A typical machine network is usually one subnet or one range of 0-255 IP addresses, and some PLCs have restrictions on how many connections there can be to the controller, typically around 30 connections. By adding more devices to the network, more money will need to be spent on expensive hardware to support these extra devices, and more complex networks will need to be designed.
Figure 5. SPE is believed to benefit vehicle networks and robotics. Image used courtesy of Nay
Automotive, Transportation, and Robotics
Where SPE really shines, however, is in locations where space saving is essential, such as automobiles and railway transit. Networks in vehicles are relatively short and would greatly benefit from a communication system that is significantly faster and capable of transmitting more data.
Robotics is another field that would benefit from SPE, being that robots require cables that are highly flexible. By using a cable with fewer conductors, the bend radius of the cable can be greatly decreased. This makes SPE a good choice for robots that work in tight locations.

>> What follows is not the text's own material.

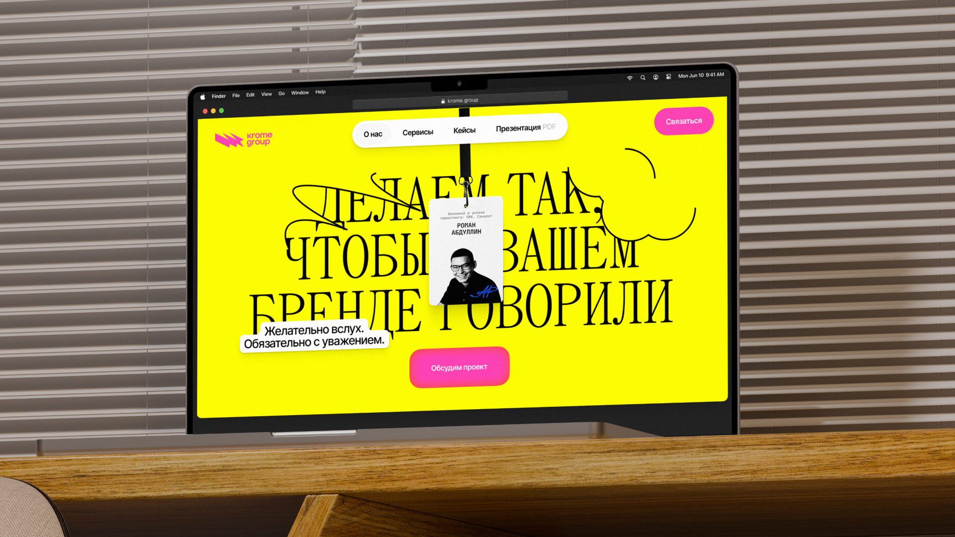 — На главной — бейджик с именем: он не только декоративный, но и функциональный — сразу объясняет, кто такой Роман и чем занимается команда.

While SPE does come at a cost with reduced maximum distances, it makes up for it with a compact size and expanded data transmission not seen with standard Fieldbus technology.
Correction: Cables with fewer conductors—> smaller overall diameter—> REDUCED minimum bend radius, not increased. Otherwise an interesting article on SPE.
There are sooo many issues with this that I just don’t know where to start?!!!
Why would any industrial installation want to replace 4 pairs of 100m cable with 1 pair that only runs 40m?? To save what? A few square mm?!
What about backwards compatibility? No 10 or 100 Mbps devices allowed on new networks because they can’t use the cabling?!
I have been in industrial automation for 25 years now, and I’ve seen less than 10 gigabit installations - and none of them are using the full bandwidth!!
What about the PLCs (and network switches and PCs/terminals for that matter) - are whoever came up with this idea expecting the entire industry to redesign and support a new connector, new firmware and probably new protocols for using less wires?!